Restaurant information
- Established: 2014
- Owners: Kristen Martha Brown; Todd Dennis;
- Food type: Italian (pizza)
- Location: 8001 Northeast Glisan Street, Portland, Multnomah, Oregon, 97213, United States
- Coordinates: 45°31′36″N 122°34′53″W﻿ / ﻿45.5266°N 122.5813°W
- Website: eastglisan.com

= East Glisan Pizza Lounge =

Pizzeria in Portland, Oregon, U.S.

East Glisan Pizza Lounge is a pizzeria in Portland, Oregon, United States. Established in 2014, the restaurant operates in the northeast Portland part of the Montavilla neighborhood.

== Description ==
East Glisan Pizza Lounge is a pizzeria on Glisan Street in the northeast Portland part of the Montavilla neighborhood. Willamette Weeks Martin Cizmar said of the interior and atmosphere: "The dimly lit East Glisan is indeed a lounge. Roughly half the seating is bar stools or couches, and the front sidewalk is home to a fleet of those rugged wooden picnic tables where smokers huddle outside Portland dive bars. It's all '90s classics on the radio: early Wilco and Liz Phair, midcareer Whitney Houston and Tina Turner."
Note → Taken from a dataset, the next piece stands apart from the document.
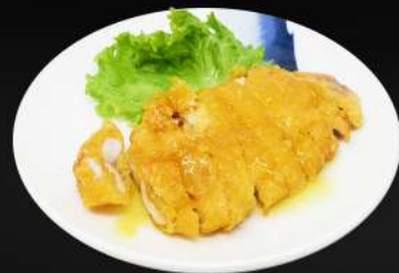
128. POLLO AL LIMÓN 6,80€ (pollo frito con salsa de limón)

As of 2014, the menu offered ten types of pizza, five appetizers, and three salads. One pizza has broccoli rapini and garlic oil and another has capicola with provolone, fennel, and Mama Lil's peppers. Appetizers include chickpea fritters and pork meatballs with tomato and Parmesan. Beer, cocktails, and wine are also available.

As of 2017, East Glisan offered Detroit-style pizza on Tuesdays.

== History ==
Chef Vallery Markel opened the restaurant in 2014, in a two-room space which previously housed a Mexican restaurant. Kristen Martha Brown and Todd Dennis are the owners.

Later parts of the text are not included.